Prompt ▸
In the records below, the relevant part opens with the line containing "Στις 10-2-2021, η" and closes with the line containing "TrustLayer automates the"; print that part exactly and only, without its pictures.

[Opening Information given section]

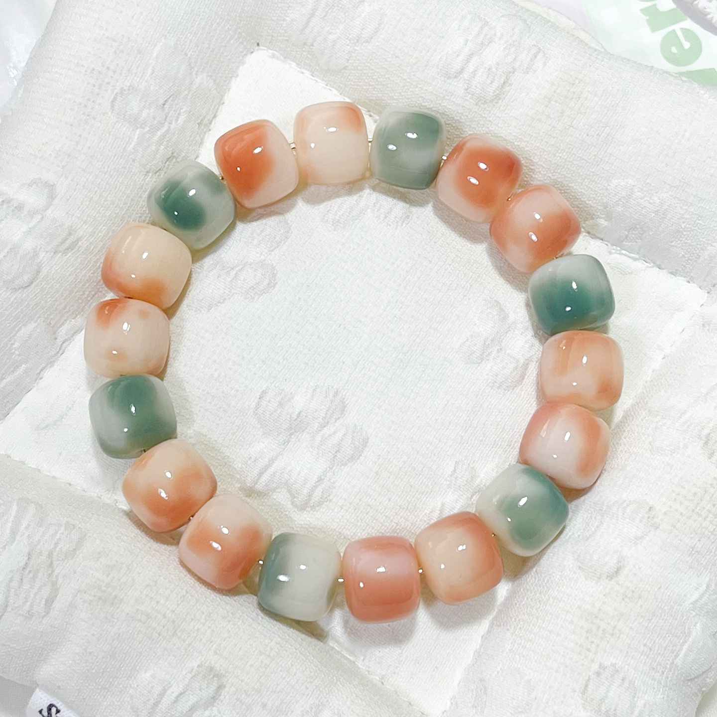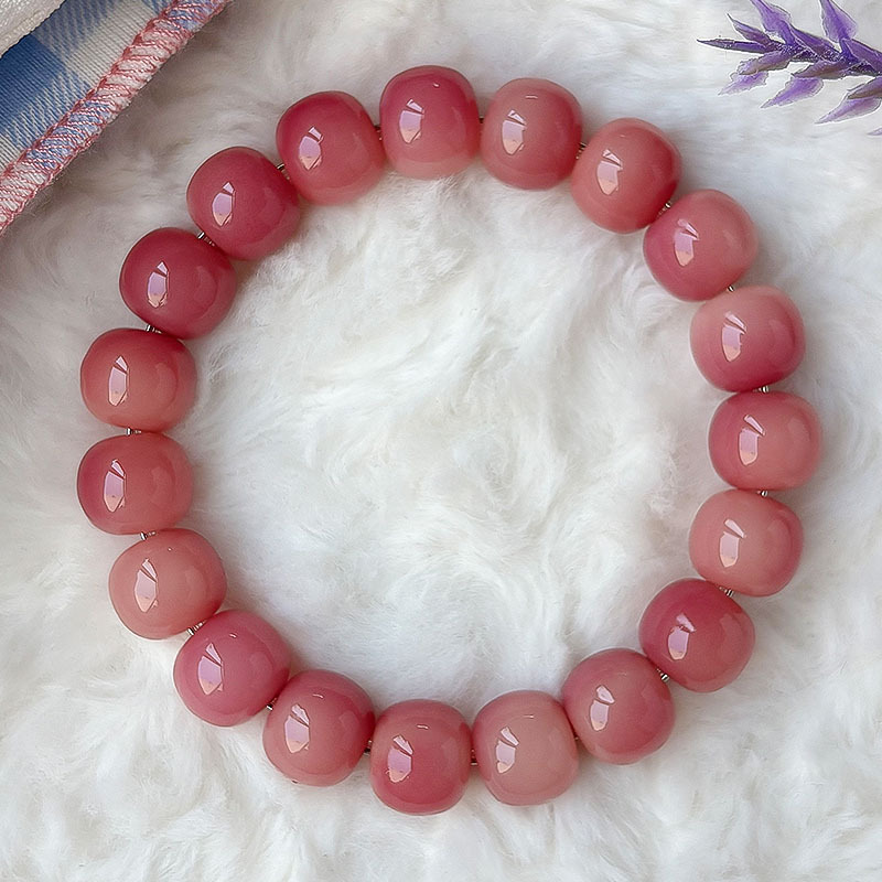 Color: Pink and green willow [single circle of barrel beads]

[Closing Information given section]
[Opening Information given section]

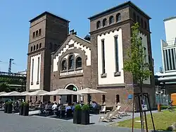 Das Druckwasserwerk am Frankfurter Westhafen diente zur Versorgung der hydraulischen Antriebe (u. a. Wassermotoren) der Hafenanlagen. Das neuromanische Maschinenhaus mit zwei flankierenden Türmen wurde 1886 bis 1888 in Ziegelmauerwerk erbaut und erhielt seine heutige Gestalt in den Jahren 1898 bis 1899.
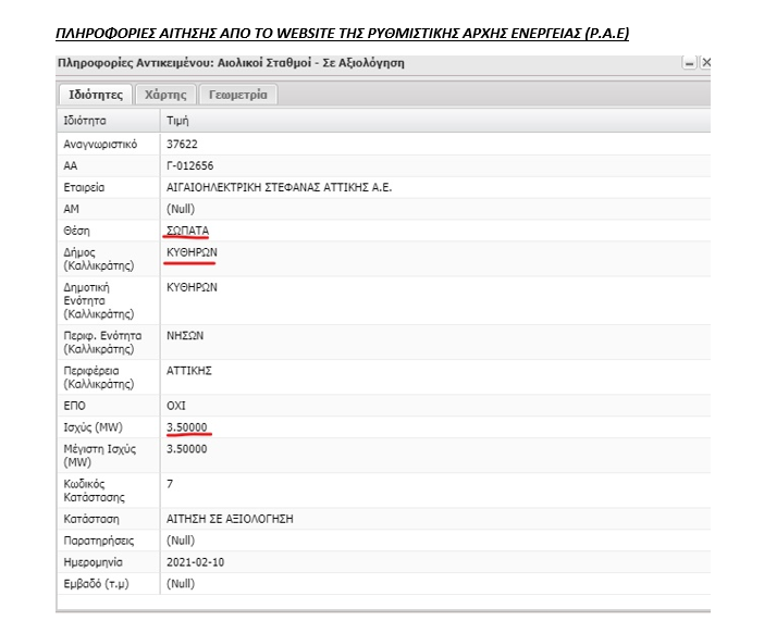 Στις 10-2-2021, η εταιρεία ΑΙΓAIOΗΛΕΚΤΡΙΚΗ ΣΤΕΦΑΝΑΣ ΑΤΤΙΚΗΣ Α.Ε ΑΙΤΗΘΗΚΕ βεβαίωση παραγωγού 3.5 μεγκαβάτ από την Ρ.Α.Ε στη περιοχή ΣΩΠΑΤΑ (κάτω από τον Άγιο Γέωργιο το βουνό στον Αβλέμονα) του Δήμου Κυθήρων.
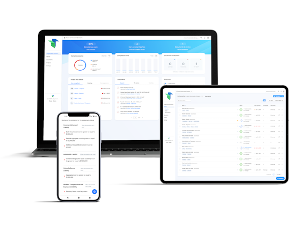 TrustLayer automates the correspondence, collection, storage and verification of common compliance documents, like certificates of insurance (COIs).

[Closing Information given section]
[Opening Information given section]

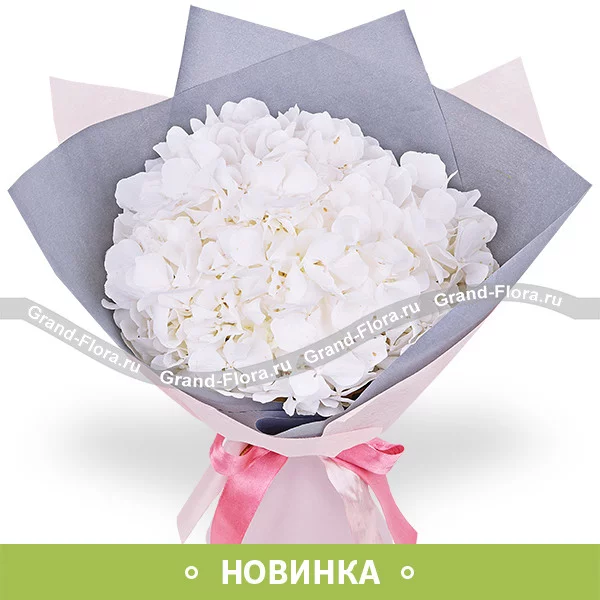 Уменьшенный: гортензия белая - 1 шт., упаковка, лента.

[Closing Information given section]

Result of this exercise ▸
 Στις 10-2-2021, η εταιρεία ΑΙΓAIOΗΛΕΚΤΡΙΚΗ ΣΤΕΦΑΝΑΣ ΑΤΤΙΚΗΣ Α.Ε ΑΙΤΗΘΗΚΕ βεβαίωση παραγωγού 3.5 μεγκαβάτ από την Ρ.Α.Ε στη περιοχή ΣΩΠΑΤΑ (κάτω από τον Άγιο Γέωργιο το βουνό στον Αβλέμονα) του Δήμου Κυθήρων.
 TrustLayer automates the correspondence, collection, storage and verification of common compliance documents, like certificates of insurance (COIs).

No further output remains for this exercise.